В полночь 17 октября 1890 г., когда я с семьей ехал в карете с одесского вокзала по Пушкинской улице по направлению к отелю близ Приморского бульвара, в патриотической столице юга еще заметны были следы отошедшего «царского дня», праздника по случаю «чудесного» спасения царской семьи при крушении поезда под Харьковом в 1888 г. В окнах домов догорали иллюминационные свечи, а в уличном воздухе еще не рассеялся чад от недавно погасших плошек со смолою, «патриотическая вонь» по злому выражению одесского ругателя Бен-Ами. По широким тротуарам, между рядами акаций, еще гуляла публика, и южная ночь, лишь слегка тронутая октябрьским холодом, казалась северянину мягкою, ласковою. Мы заехали в «Южную» гостиницу на Ланжероновской улице, расположенную под холмиком красивого городского театра. Приютились мы в двух комнатах и уже на следующий день принялись за поиски отдельной квартиры.

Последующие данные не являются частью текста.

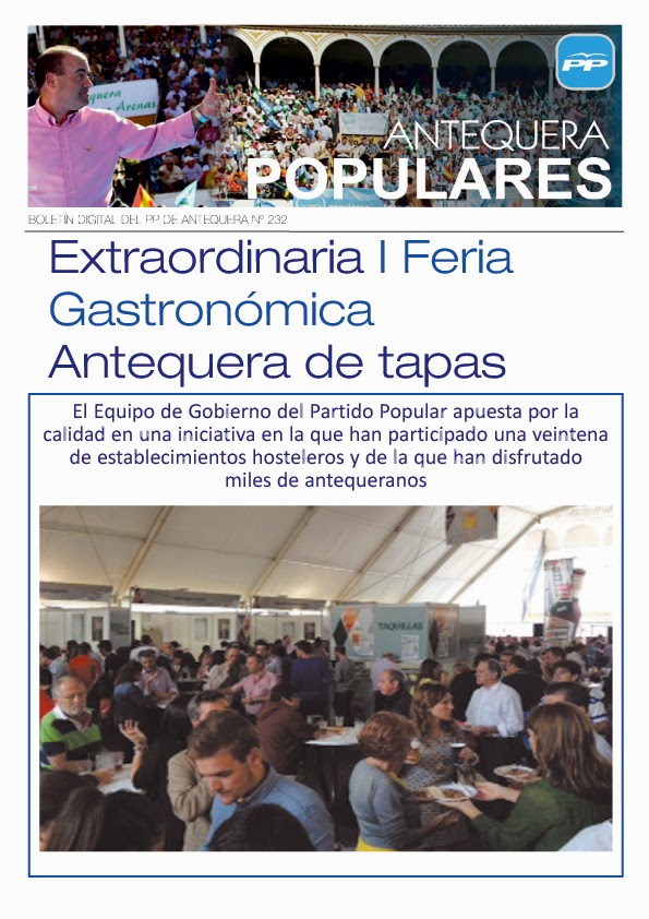 Artículos de OpiniónArtículos de PolíticosSocial El Partido Popular dedica hoy su boletín a la celebración de la feria ‘Antequera de Tapas’ Por Redacción Las 4 Esquinas - 30 de septiembre de 2013 0 304 FacebookTwitterPinterestWhatsApp PUBLICIDAD

Помогала нам в этом семья журналиста А. Е. Кауфмана, моего петербургского приятеля, который из-за стеснений в праве жительства вынужден был оставить службу в редакции «Новостей» и переселиться в Одессу, где занял пост соредактора либеральной газеты «Одесский листок», а затем редактировал «Одесские новости». Жена Кауфмана, добрая «врачиха» Мария Семеновна, присматривала за нашими детьми в те часы, когда мы отправлялись на поиски квартиры и закупку мебели. После целой недели беготни удалось намять квартирку из трех комнат в новопостроенном красивом доме на Базарной улице, в том ее конце, который примыкал к приморскому району вилл Ланжерон (Базарная, 15, близ Канатной). Месячная квартирная плата в 30 рублей казалась тогда высокой и была несоразмерна с нашим скудным бюджетом, но таково уже было мое правило: экономить в чем угодно, а не в расходе на квартиру. Скоро, однако, оказалось, что в красивой и чистой квартире очень холодно и сыро: новый дом еще не успел просохнуть, а сушить его дорогими одесскими дровами было очень трудно. Это причиняло нам немало горя в следующие зимние месяцы, которые, несмотря на южный климат, оказались очень холодными: дувший с моря ветер проникал через пористый камень одесских домов и усиливал ощущение холода.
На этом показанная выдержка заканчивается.